In TB and IFIs, PET provides detection of early sites of infection and all sites of disease in the body in a single examination, and allows monitoring of treatment of these infections. Monitoring of infections is useful in complex IFIs and TB, where traditional methods of monitoring are often suboptimal.
PET was found to have a predictive value in both TB and IFIs, which can help clinicians consider different treatment options early in the course of infection.
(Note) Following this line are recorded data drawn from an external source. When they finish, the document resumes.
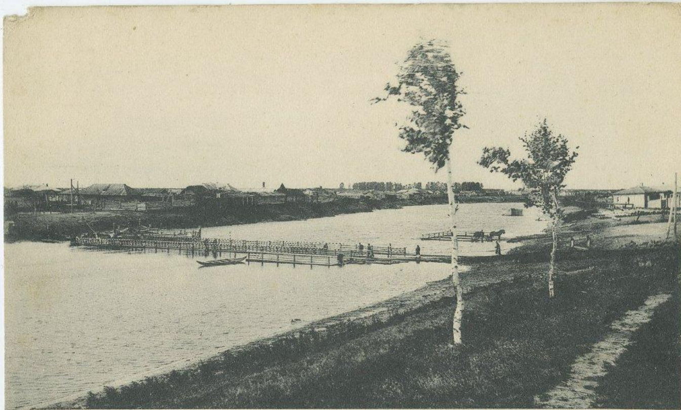
Гор. Каинскъ. Мостъ на рѣкѣ Каинкѣ и зарѣчная сторона.

Куирышев возник в 1722 году, и назывался он Каин-Тас, что в переводе с языка местных татарских племен означало «береза». Главной проблемой, с которой столкнулись казаки – постоянные набеги воинственных кыргызов и калмыков.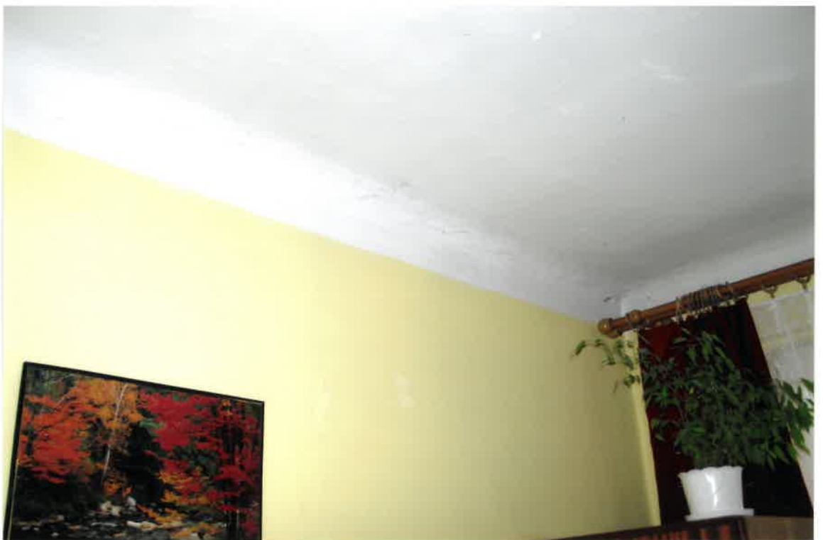
Fot. Nr 30. Pęknięcia na styku stropu ze ścianą w lokalu nr 9 na I piętrze.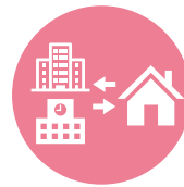
関係機関と 連携した支援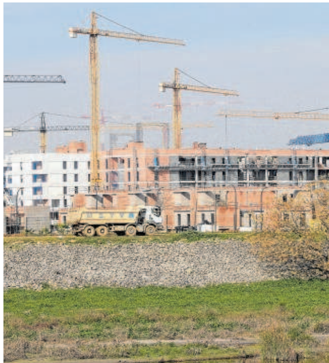
Imagen de obras en Palmas Altas

En el Consistorio dicen que la zona es un lugar de «expansión natural pretendida, sobre todo, por familias jóvenes»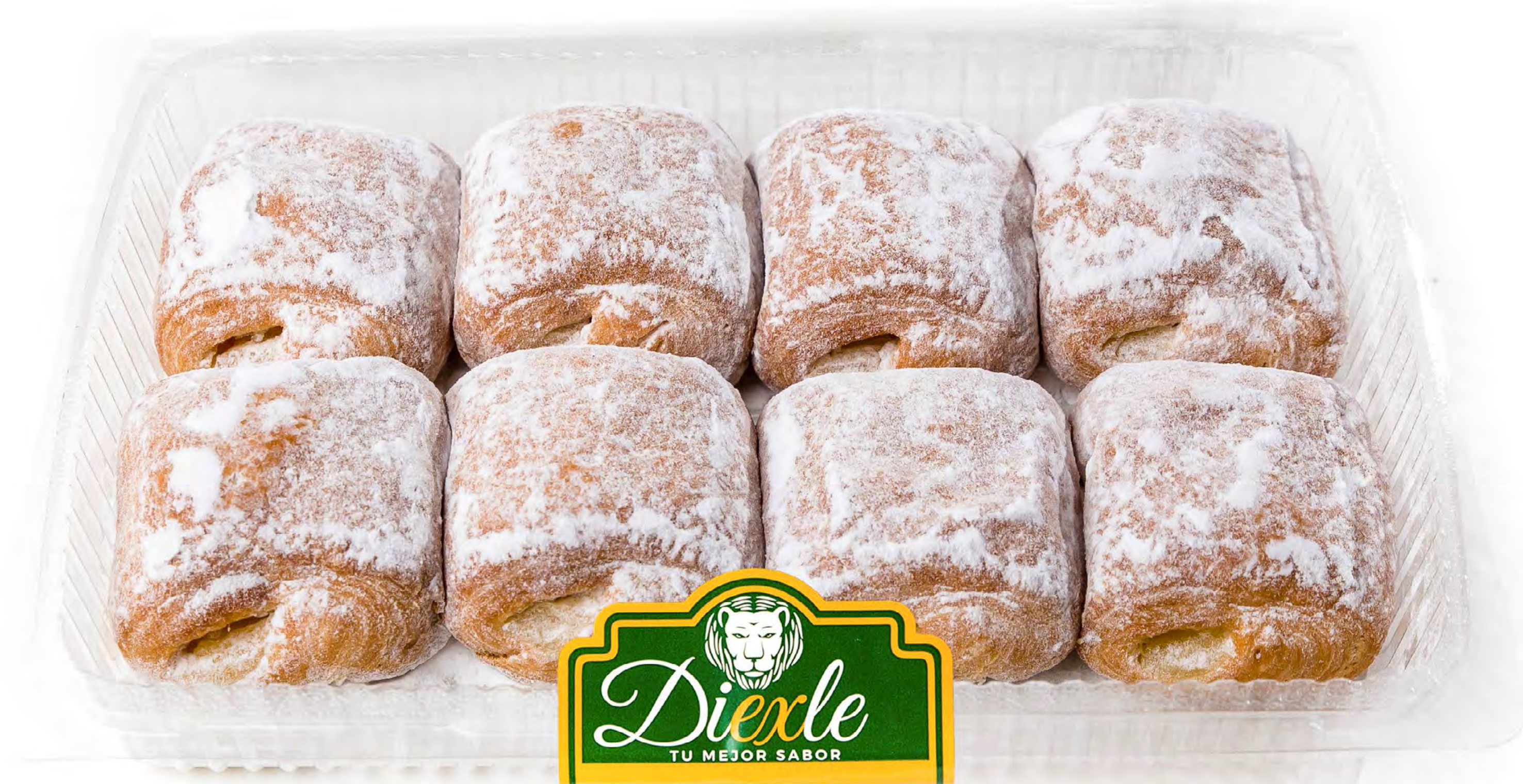
Cod. 216012 Mini Napolitanas Glass 8 uds/caja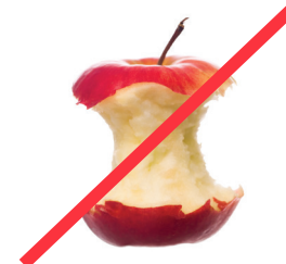
FOOD WASTE RESIDUOS DE ALIMENTOS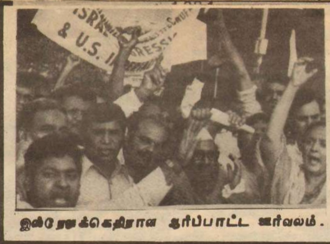
இஸ்ரேலுக்கெதிரான சூர்ப்பாட்ட ஊர்வலம்.

ஜோர்டானிய சுயாட்சியின் கீழ் கொண்டு வந்தால் அங்குள்ள 15 லட்சம் பாலஸ்தீனிய அகதிகளுக்கு வாழ்வளிக்கலாம் என்ற வகையில் PLO, முபாரக்குடனும், குசேடனும் சுயாட்சி பற்றிக் கலந்தாலோசித்தனர். இதனை ஸ்ரேலிய தொழிற் கட்சி ஆதரித்தாலும், ஸ்ரே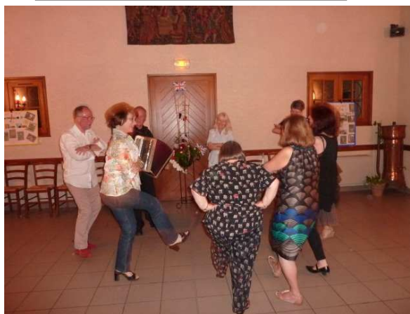
Soirée animée chez Picard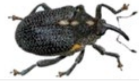
Charançon du bourgeon terminal (Terres Inovia)

Le risque agronomique est faible sur des gros colzas, qui sont encore poussant (pas de rougissement des feuilles).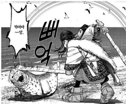
[그림 4] 『골든 카무이』 7권, p. 65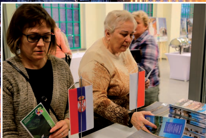
Informatory o Serbii cieszyły się dużym zainteresowaniem.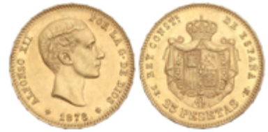
552 350 €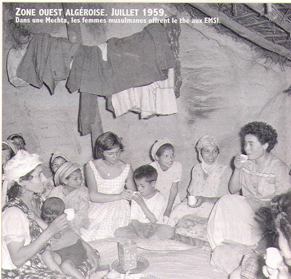
ZONE OUEST ALGÉROISE. JUILLET 1959. Dans une Mechta, les femmes musulmanes offrent le thé aux EMSI.

PET imaging is done with different tracers which allow evaluation of different biochemical processes in the body. In the thesis, the advantages of imaging TB with different tracers and the potential role of imaging hypoxia in TB were explored.
Alfred Ankrah
Imaging inflammatory lesions by radiolabelled peptides and antibodies
Nuclear medicine techniques for imaging inflammation have had huge progress and have enormously expanded over the past 20 years. In this monography we have focused mainly on the contribution and the role of molecular nuclear medicine to detect early phases of chronic inflammation by the use of radiolabeled peptides and monoclonal antibodies (mAbs). Even though there is not one single ideal radiopharmaceutical for imaging all chronic inflammatory diseases, a combination of a few of them could be used for the complete understanding of the histopathology and, therefore, to identify a specific and tailored cure. Moreover those novel tools can detect cell bound and the presence of cytokines in inflammatory sites in patients suspected on an inflammatory condition based on laboratory tests. It can also demonstrate active inflammation in patients without systemic inflammatory response and can predict response to treatment. Today clinicians have the possibility to choose between different options according to the purpose and clinical requirements, from radiolabeled cytokines and monoclonal antibodies to radiolabeled somatostatin receptors for diagnostic purposes and for treatment decisions.
Luz Anzola Fuentes
Endocarditis: Improving the chain of care
Infective endocarditis is a life-threatening disease that needs an aggressive diagnostic workup and therapeutic management. Current practice is not yet optimised, leaving room for improvement in the care for patients with (suspected) endocarditis. Due to the complexity of this disease, a high level of expertise from the involved medical specialties and a multidisciplinary approach are needed. We have set up a multidisciplinary research team: “IDENTICAL”, acronym for “Improving Diagnosis of Endocarditis and its Therapy with a focus on prosthetIC material”. In this thesis “Endocarditis, improving the chain of care”, we demonstrated that the diagnostic workup for endocarditis could be improved by using non-invasive imaging techniques (FDG-PET/CT, CTA, leukocyte scintigraphy) in addition to echocardiography. Furthermore, identification of pathogens could be achieved more frequently by sonication of heart valves that were surgically explanted during the active phase. There is also room for therapeutic improvement. Dosing antimicrobial agents, such as gentamicin according to a pharmacokinetic model adjusted to the increased volume distribution in patients admitted to the intensive care-unit, led to optimized serum levels in patients with endocarditis. Furthermore, surgical correction with stentless bioprostheses was a valuable option for a more standardized treatment of severe aortic valve endocarditis complicated by extensive abscess formation. Important changes in the daily care of patients were accomplished based on the research described in this thesis: it led to updates of the hospital protocol for endocarditis. Ultimately, regular multidisciplinary Endocarditis Team meetings are needed to reach a final diagnosis and define the most accurate therapy for each patient.